The video linked below is taken from a documentary currently in production that was featured on ESPN over the weekend. Please watch it before reading the rest of this post. It is not to be missed. (UPDATE: Video no longer hosted at YouTube.com)
|“…Little League was not ready for a country like Uganda to participate in the World Series.”
(UPDATE: Video no longer hosted at YouTube.com)
There is a temptation to place blame (upon the State Department, Little League, Uganda, Felipe Almonte, etc.) but the Ugandan coaches and players know the real source of their disappointment though they don’t use the exact same terms we use here: A legitimate ID is a prerequisite to full participation in the modern world.
The sad truth, and the true cause of the plight of Uganda’s Little League baseball team is the fact that (perhaps) billions of the world’s poor lack individual legitimacy because they don’t have an ID that can be vouched for by a trusted second party.

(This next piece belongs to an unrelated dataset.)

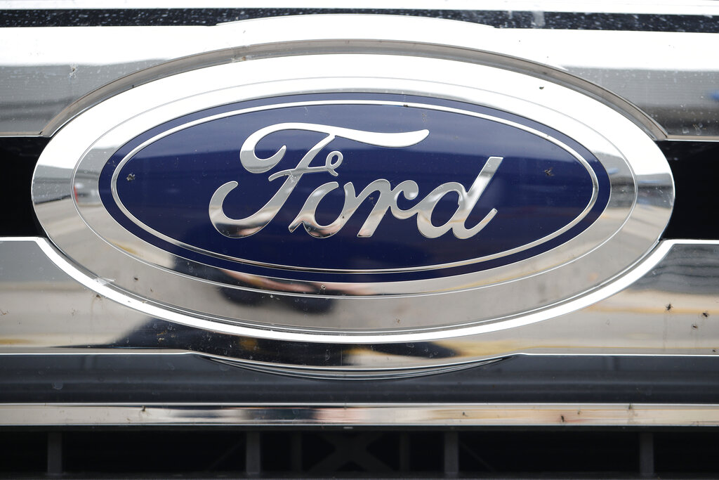 FILE - In this Sunday, Oct. 20, 2019, photograph, the company logo shines off the grille of an unsold 2019 F-250 pickup truck at a Ford dealership in Littleton, Colo. Ford reports financial earnings on Thursday, Feb. 2, 2023. (AP Photo/David Zalubowski, File)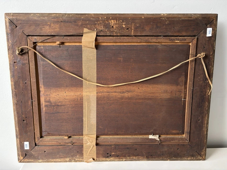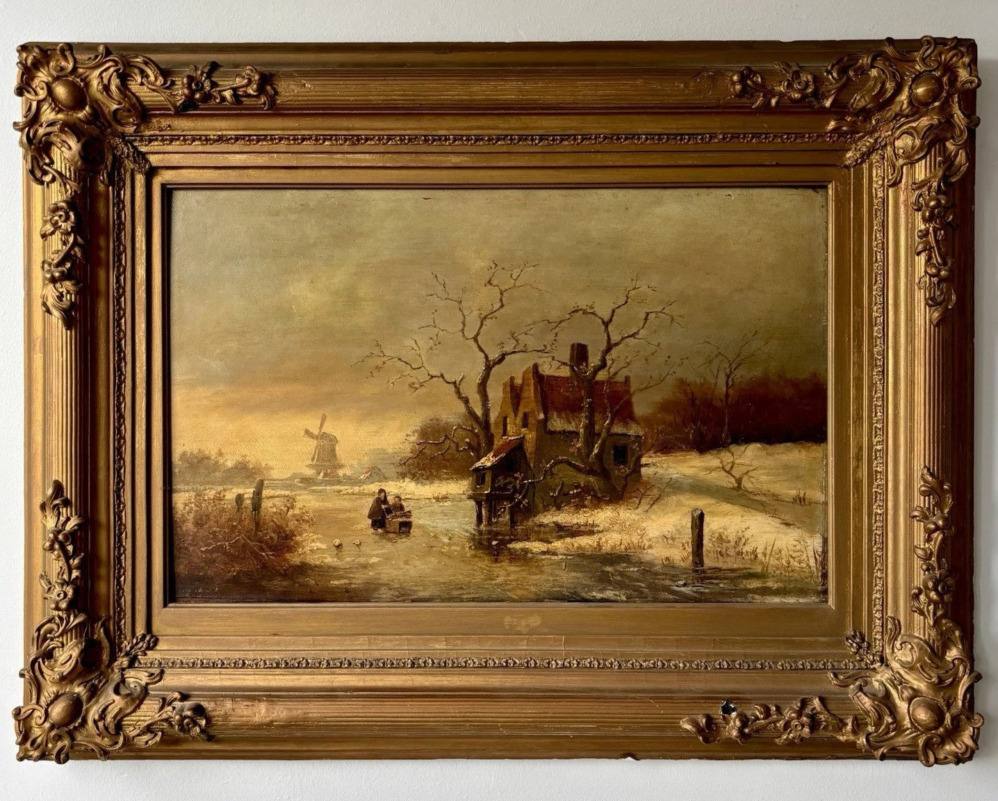 The work is set within an ornate antique gilt frame, richly decorated with sculptural detail that enhances the painting’s warm, nostalgic tone. An evocative and highly decorative example of Dutch Romantic landscape painting by an unknown hand.

These individuals are therefore unable fully to exert their talents through the world’s increasingly interconnected institutions. Because of this, we are all poorer.
Fortunately, and thanks in no small part to biometric technologies, the costs associated with maintaining an effective ID infrastructure are falling fast, enabling even poor societies with low adult literacy rates to provide their children with something they cannot reach their full potential without: a legit ID.